Reputation: 21
Character String is like this.
test <- c("John got a score of 4.5 in mathematics and scored 4.3 in English and ranked 4th.", "Matthew got a score of 7.6")
Output desired is c(8.8, 7.6).
Basically sum of numbers after "score" pattern.
I tried:
s <- as.numeric(gsub(pattern = "^\\D*score\\D*(\\d+\\.*\\d*)\\D*score*\\D*(\\d*\\.*\\d*)\\D*$", replacement = ("\\1"), test$Purpose)) +
as.numeric(gsub(pattern = "^\\D*score\\D*(\\d+\\.*\\d*)\\D*score*\\D*(\\d*\\.*\\d*)\\D*$", replacement = ("\\2"), test$Purpose))

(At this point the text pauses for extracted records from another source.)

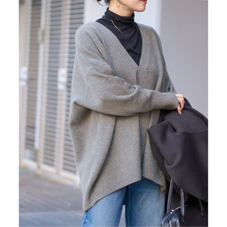 カシミヤ混の、もっちりとした柔らかい手触りの素材。1枚着でも、ジャケットやアウターのインでも使いやすい肉感。ざっくりと深めに設定したVネックが今年らしいデザインで、着丈がしっかりあり、身巾をとても大きくした、ポンチョのようなシルエットで着ごたえのある1枚にしあがっています。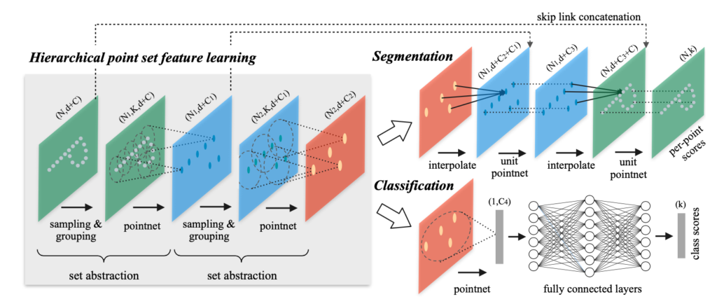 이전 PointNet 리뷰에서 ” point clouds data의 (x, y, z)를 사용하여 k개의 class를 구분할 수 있고, n x m개의 score output으로 subcategory를 결정할 수 있습니다. (n은 point clouds data의 개수, m은 subcategory의 개수입니다.)”라고 이야기하셨는데 해당 논문도 ‘++’이기 때문에 같을것이라고 생각합니다.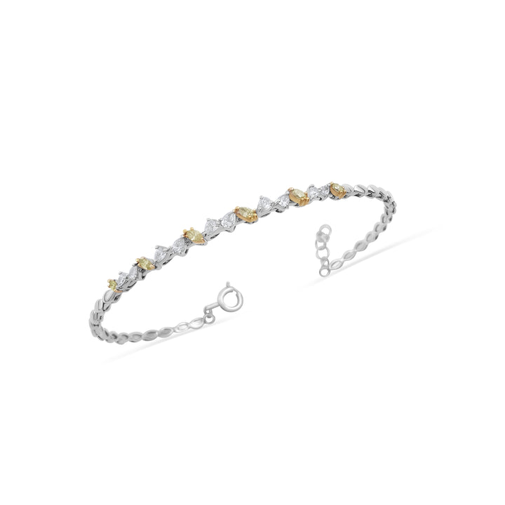 18K gold bangle with 0.51 ct pear and marquise white and yellow diamonds, scattered for the perfect brilliance.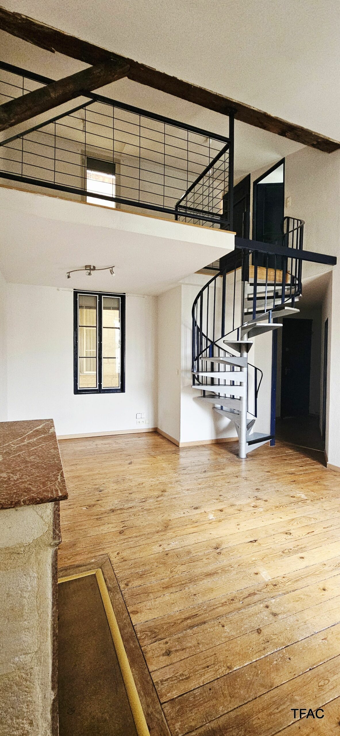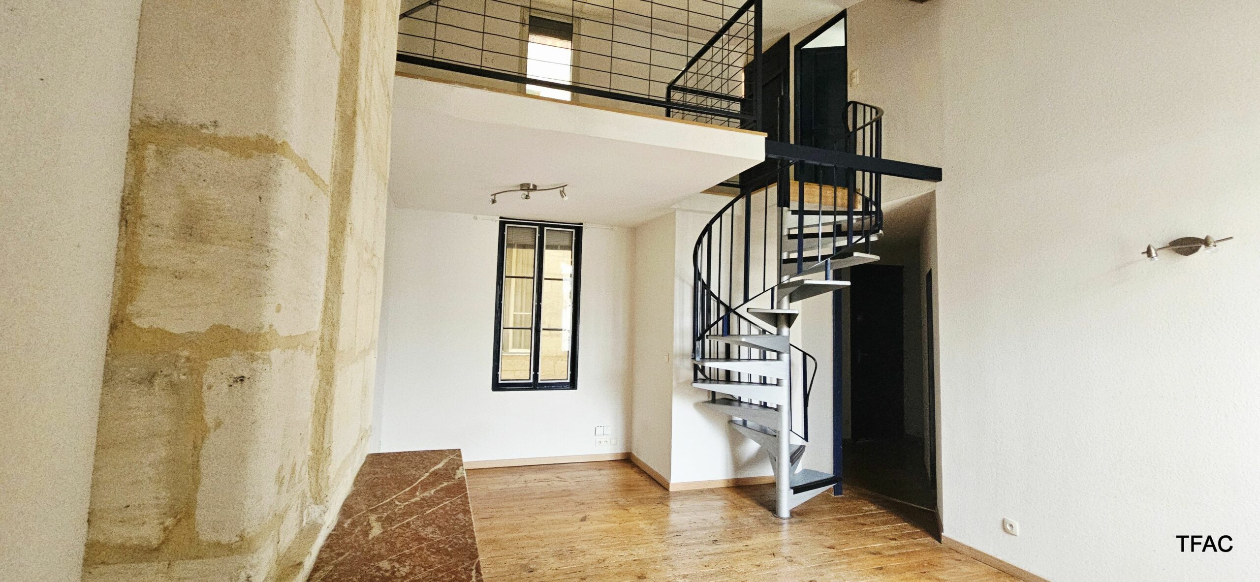 APPARTEMENT T2 BIS DUPLEX non meublé, à BORDEAUX, secteur Jardin Public/Chartrons/Paul Doumer, idéalement situé au deuxième (dernier) étage, coté jardin, d’un immeuble en monopropriété (5 logements au total), rue Albert Pitres, d’une superficie habitable de 53,34 m², comprenant, sur deux niveaux : entrée de 3.96 m², salon/séjour (18.04 m², cheminée marbre), chambre (9.68 m²) avec placard/penderie, cuisine (5.19 m²), toilettes (1.39 m²) ; coin repos/bureau (8.93 m² en mezzanine) avec placard buanderie, salle de bains (5,59 m², en mezzanine) avec placard et espace grenier.

However this is returning NAs.
Upvotes: 0
Views: 467
Reputation: 887128
We can extract the numbers with regex and then do the sum
library(stringr)
sapply(str_extract_all(test, "(?<=score of )[0-9.]+|(?<=scored )[0-9.]+"),
function(x) sum(as.numeric(x)))
#[1] 8.8 7.6
Or using tidyverse
library(dplyr)
library(purrr)
str_extract_all(test, "\\b[0-9.]+\\b") %>%
map_dbl(~ as.numeric(.x) %>%
sum)
#[1] 8.8 7.6
Or if we need to get only the numbers after score
str_extract_all(test, "(?<=score of )[0-9.]+|(?<=scored )[0-9.]+") %>%
map_dbl(~ as.numeric(.x) %>%
sum)
Upvotes: 3